Maybe it’s time to start thinking about requiring newly elected lawmakers to take an economics 101 class before they start their first session. It seems that maybe outside of our woke and crumbling public education system, there’s no other institution where economic illiteracy is more prevalent than in government.
Example for the ages: Democratic Rep. Barbara Lee, who represents California’s 12th District out of Oakland in Washington, and wants to be the state’s junior U.S. senator, believes there should be a $50 an hour federal minimum wage.
Lee called for the dizzying minimum wage hike in an October debate between the Democratic candidates campaigning to replace the late Sen. Dianne Feinstein. She defended it at the most recent debate, on Feb. 12, when she said, “I’ve got to be focused on what California needs and what the affordability factor is when we calculate this wage.”
“Just do the math,” she insisted, “just do the math.”
Well, here’s the math.
“A 40-hour-a-week full-time job, that’s the equivalent of a $100,000 a year MINIMUM salary!” says the Committee to Unleash Prosperity, and is nearly two-and-one-half times as high as the national median personal annual that’s just a bit north of $40,000.
“Our back-of-the-envelope calculation is that a $50 federal minimum wage would cause at least 10 to 20 million lower-wage and less-skilled Americans to lose their jobs. That will really help the poor.”
Lee’s Democratic rivals for the office aren’t much better on this topic. They support a minimum wage between $20 and $25 an hour. According to media reports, Rep. Adam Schiff says the federal minimum wage should be $25; Rep. Katie Porter believes it should be $20 in 49 states but is OK with $25 in California.
The Republican candidate? Steve Garvey says the “minimum wage is where it is and should be,” which is not terrible but neither is it inspiring to those who understand that no matter what the minimum wage is, it brings the greatest pain to those who are supposed to gain the most from it.

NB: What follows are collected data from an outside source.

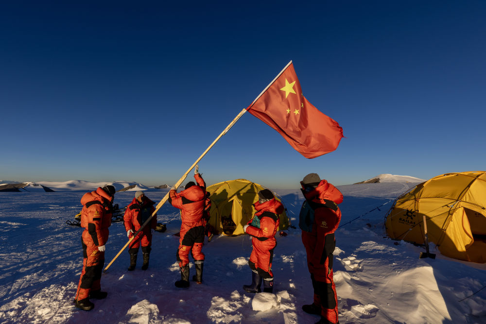 10月1日清晨,第二次青藏科考队普若岗日冰原冰芯钻取与冰面过程科考小组队员在营地安插国旗。新华社记者 姜帆 摄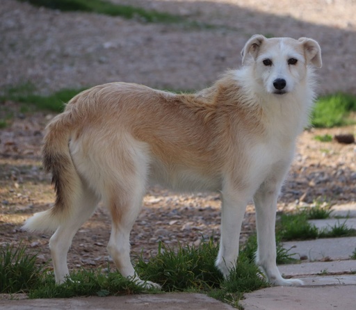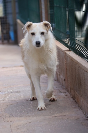 Esta menina é uma cadela de porte médio, muito tímida, que precisa de tempo para ganhar confiança e se sentir segura.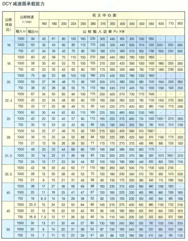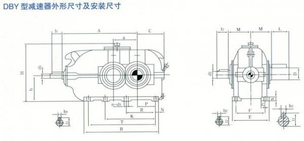 DBY型為二級(jí)傳動(dòng),DCY型為三級(jí)傳動(dòng)。DBY型和DCY型傳動(dòng)為格里森弧齒錐齒輪,二、三級(jí)傳動(dòng)為漸開(kāi)線(xiàn)圓柱斜齒輪。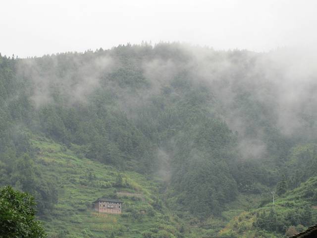 本来是天晴,一会儿起雾,一会儿又下雨,果然是山里面呀!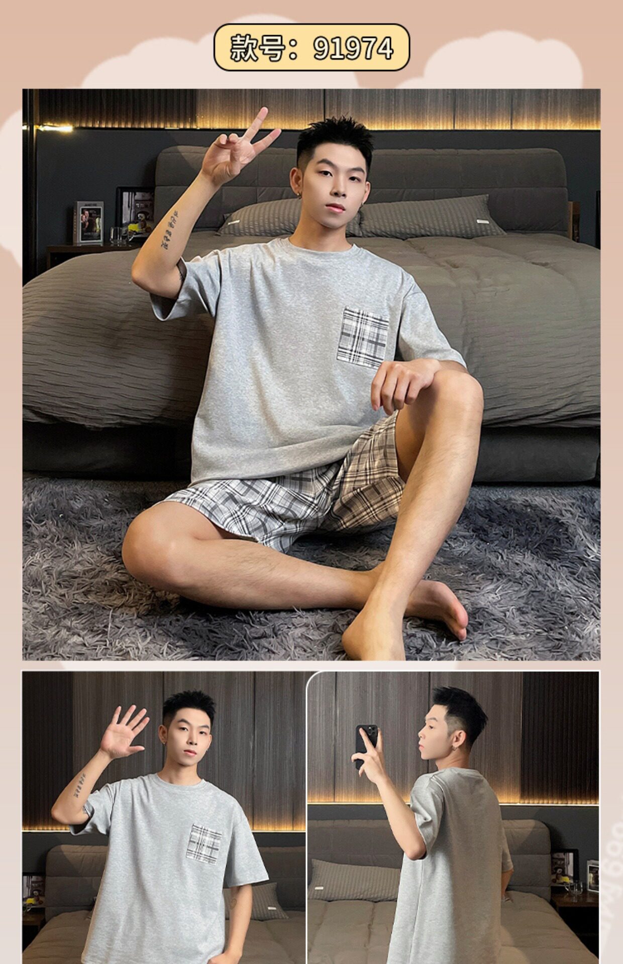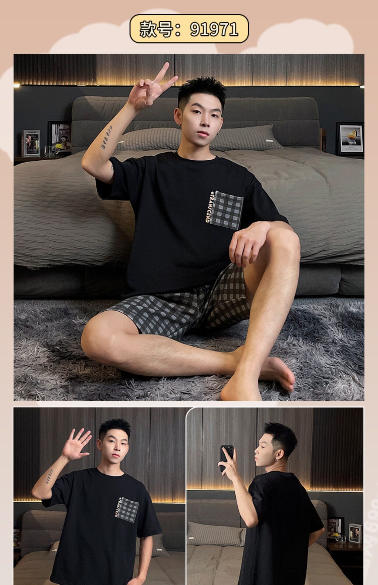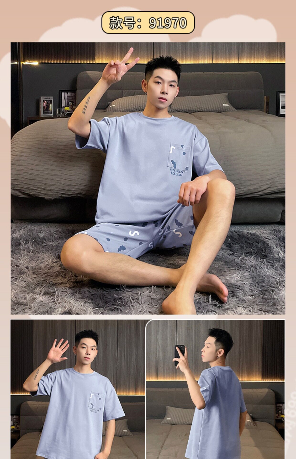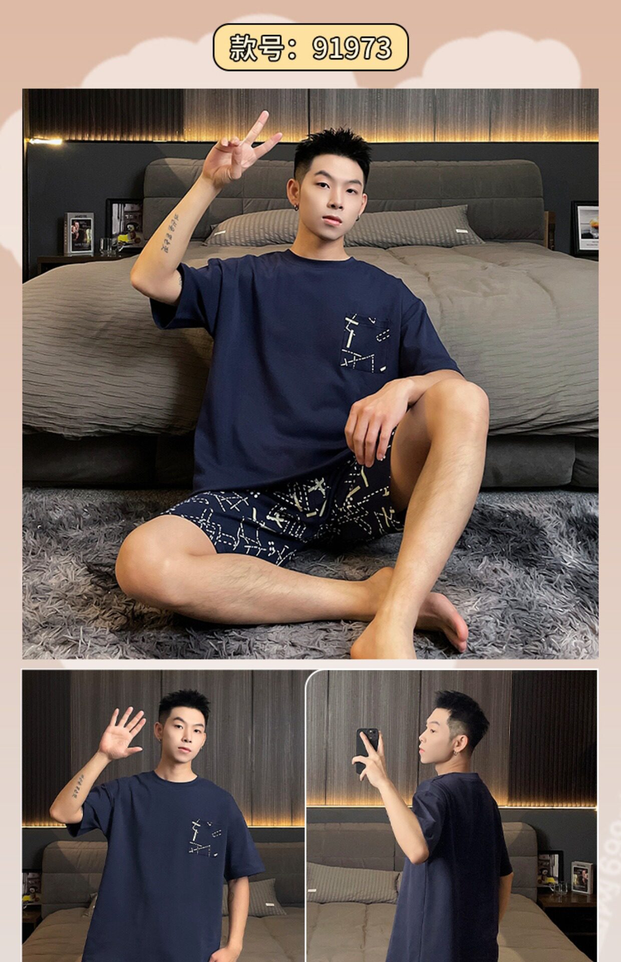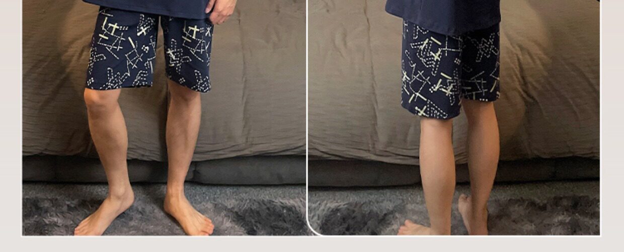 Summer New Men's Pajamas, Large Size, Can Be Worn Outside, Striped Cartoon Short-Sleeved Shorts, Loose Casual Home Wear Set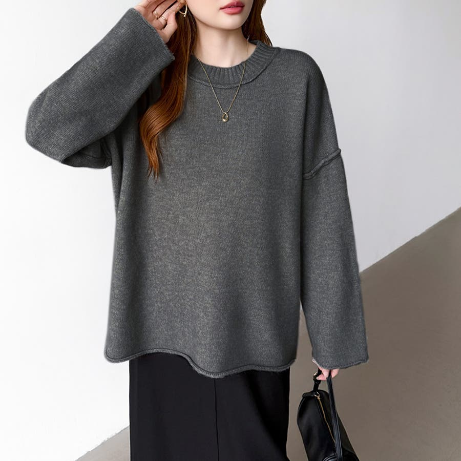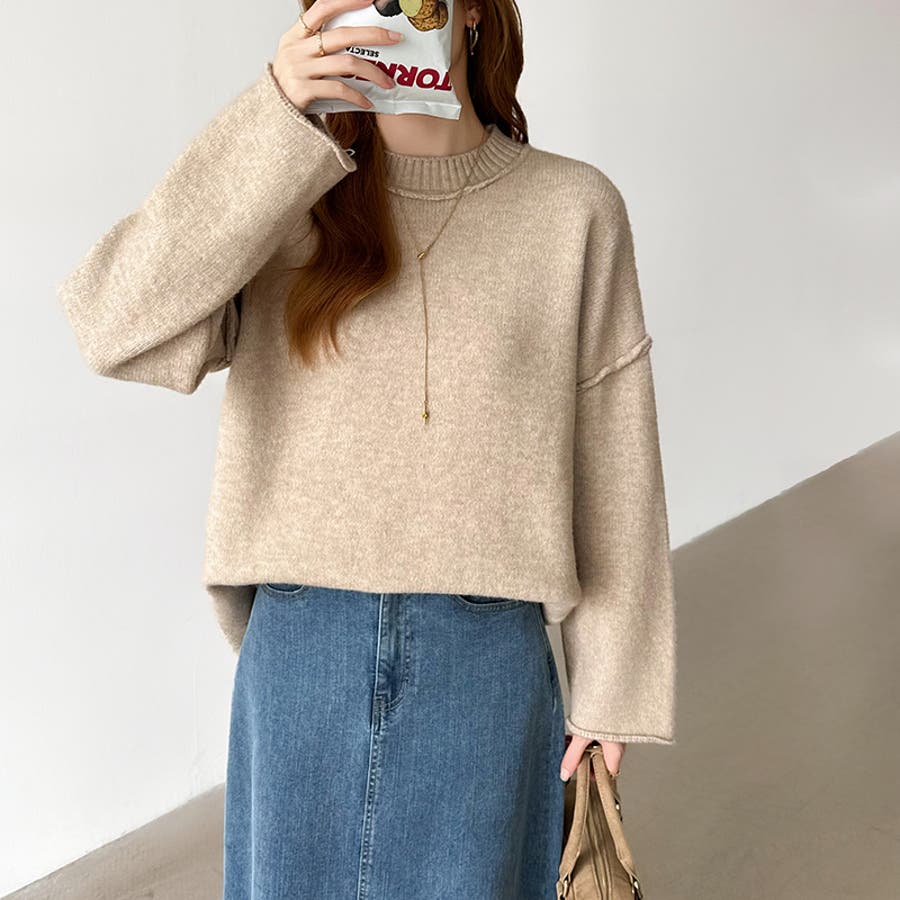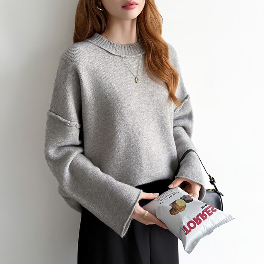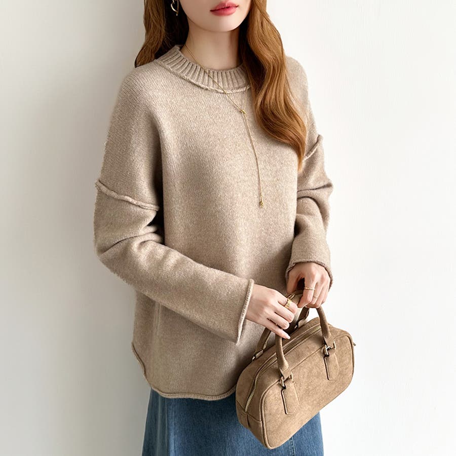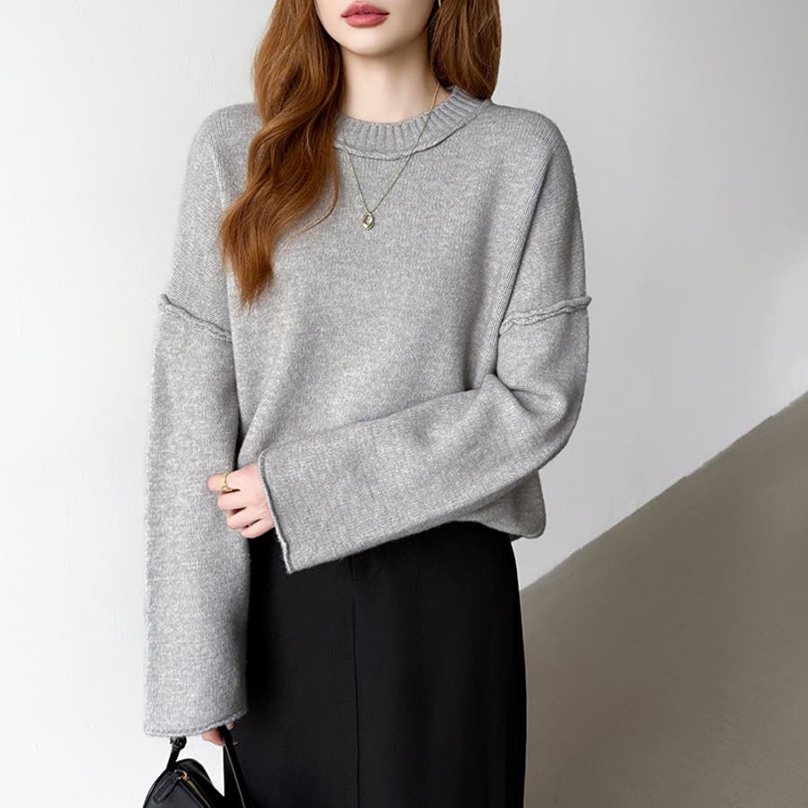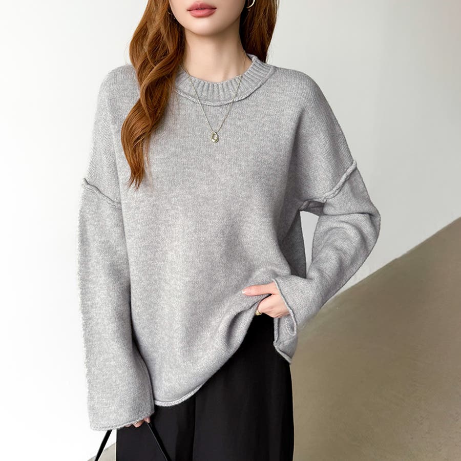 肩から袖にかけて入った 切替ラインがアクセントを添える シームラインニット。 ゆったりシルエットで、 抜け感のある大人カジュアルを 楽しめる一枚。 ヒップにかかる丈感でパンツや スカートどちらにも合わせやすい 万能アイテムです。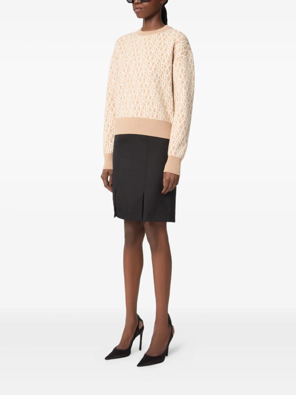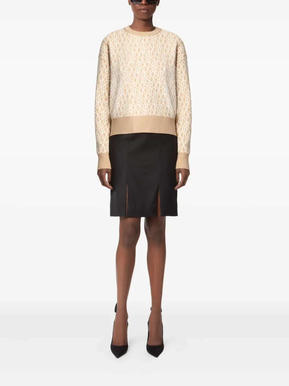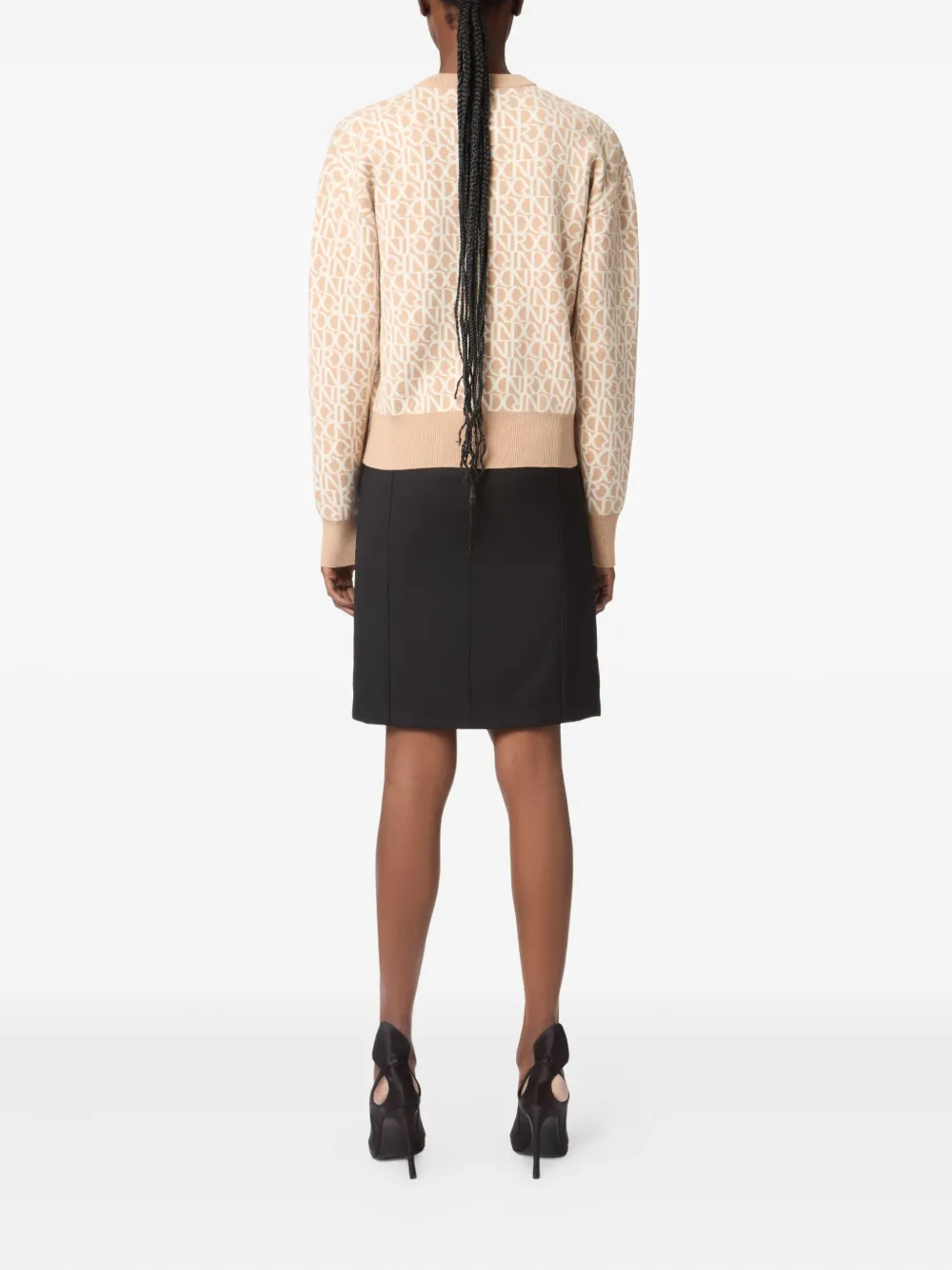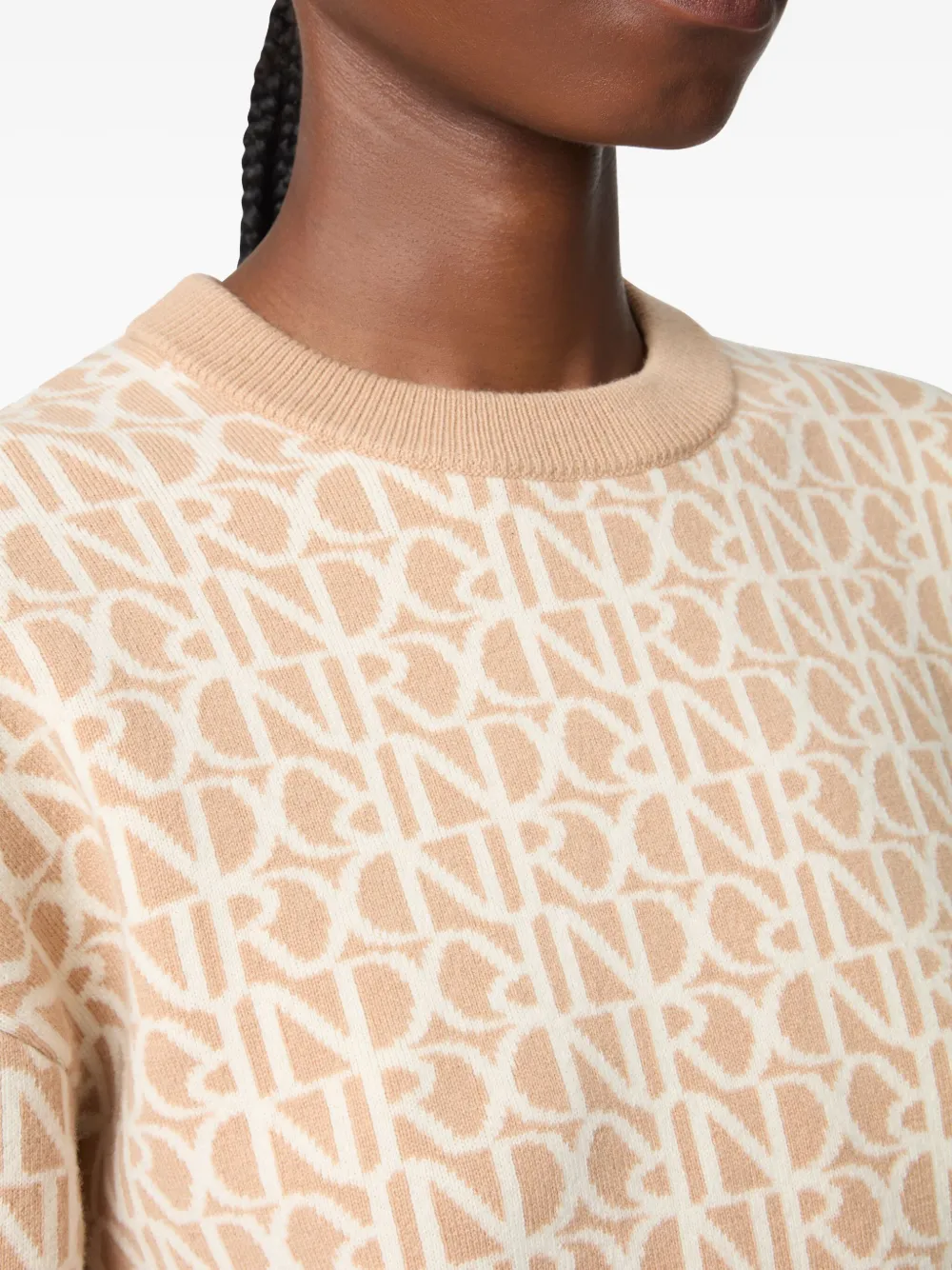 Бежевая шерсть, узор из монограмм по всей поверхности, круглый вырез горловины, длинные рукава, ребристый подол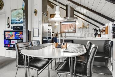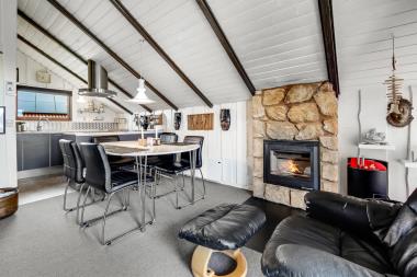 Husets hyggelige stue har brændeovn og hyggehjørne med sofagruppe og fladskærm. Her er mulighed for at se DR TV med Chromecast og tyske satellitkanaler via parabol. Der er desuden en stereo med CD. Der er installeret varmepumpe i huset og det betyder at du som gæst kan spare en del på din elvarmeregning – varmepumpen leverer op til 4 gange så meget effekt som den bruger, det betyder at for hver kilowatt-time pumpen bruger yder den varme svarende til ca. 4 kW energien udnyttes dermed langt bedre Køkkenet ligger i forlængelse af stuen og her er moderne bekvemmeligheder såsom glaskeramisk komfur, mikrobølgeovn, opvaskemaskine, køle/fryseskab samt en separat fryser på 90 liter hvis man for eksempel skal bruge plads til friskfanget fisk. Her findes i alt 3 soveværelser hvor 2 er med dobbeltsenge og én er med 2 enkeltsenge. I baderummet er der er gulvvarme, bruser, vask og toilet. Der er endvidere vaskemaskine og gratis internet i sommerhuset.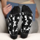 Eine Crew-Socke, die in Schwarz-Weiß-Mustern mit weißer Silhouette gefiguriert wurde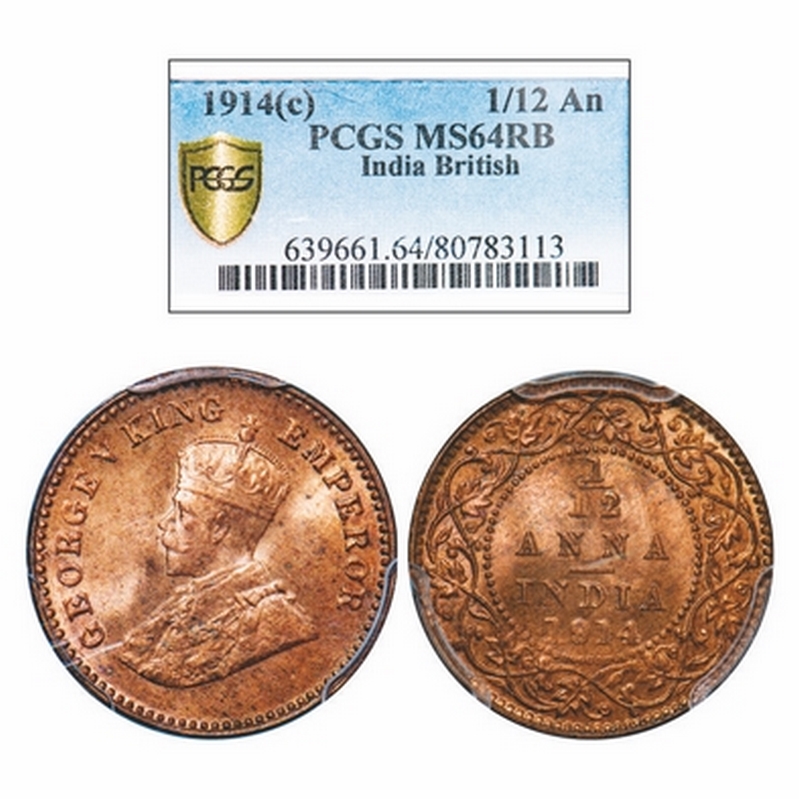 George V, Bronze, 1/12 Anna, 1914, Calcutta Mint, No dot. GK 1225. PCGS Slabbed MS 64 RB. Rare.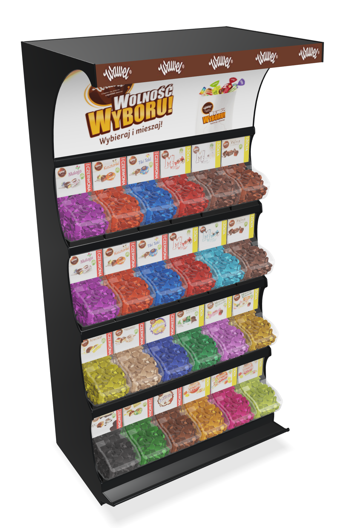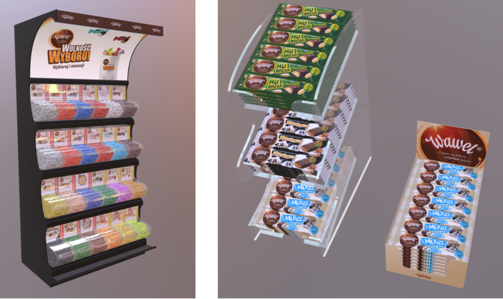 Na potrzeby prezentacji modułu rozszerzonej rzeczywistości (AR) przygotowałem modele 3D ekspozytorów. Jeden stojący i dwie odmiany ekspozytorów na blaty. Model stojący jest wypełniony uproszczonymi modelami zamiast cukierków ze względu na konieczność utrzymania jak najmniejszego rozmiaru pliku końcowego.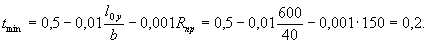 Учитываем влияние прогиба колонны согласно п. 3.25. По формулам (22) и (23) вычисляем kдл и tmin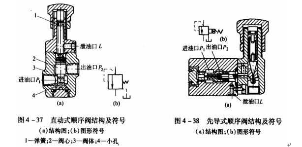 (2)先導式順序閥。圖4-38表示先導式順序閥結構及符號。它的結構與先導式溢流閥的結構基本相同。但先導式順序閥來用單獨的泄油口L。它的工作原理是當進油油口(團中未標)通入壓力油,其液壓力超過彈簧力,使進出油口相通,操縱另一級執(zhí)行元件動作。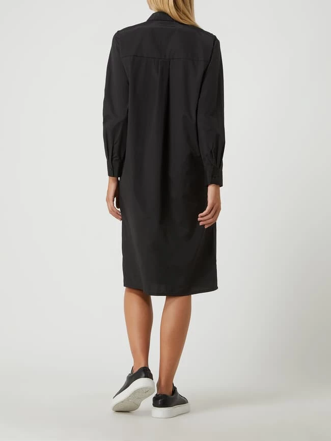 Das Blusenkleid von soyaconcept ist aus recyceltem Polyester und Bio-Baumwolle gefertigt. Es kommt in ausgestellter Passform mit Umlegekragen, Knopfleiste und Eingrifftaschen.

Meanwhile, there is no political cost in California for supporting a $50 or $75 or even $100 minimum wage. A large plurality if not a majority of Golden State voters tend to believe that businesses are eternal fonts of cash rather than job creators that have limited resources. They seem oblivious to the damage government inflicts when it distorts the labor market by manipulating wages. Maybe the impact of a $50 minimum wage – the lost jobs, higher prices, closed businesses – would shock them back to reality. Then again, the harm caused by progressive policies has gone largely unnoticed in California over the last couple of decades.
While Lee’s loony idea is impossible to defend, she does base it on “California needs,” which, to be fair, actually exist. It’s manifestly true that living in California is expensive, especially in its pricey coastal corridor. But many are resolving this on their own by leaving, relocating to states where taxes are lower and the cost of living isn’t skewed straight toward the sky by government regulation.
Kerry Jackson is the William Clement Fellow in California Reform at the Pacific Research Institute.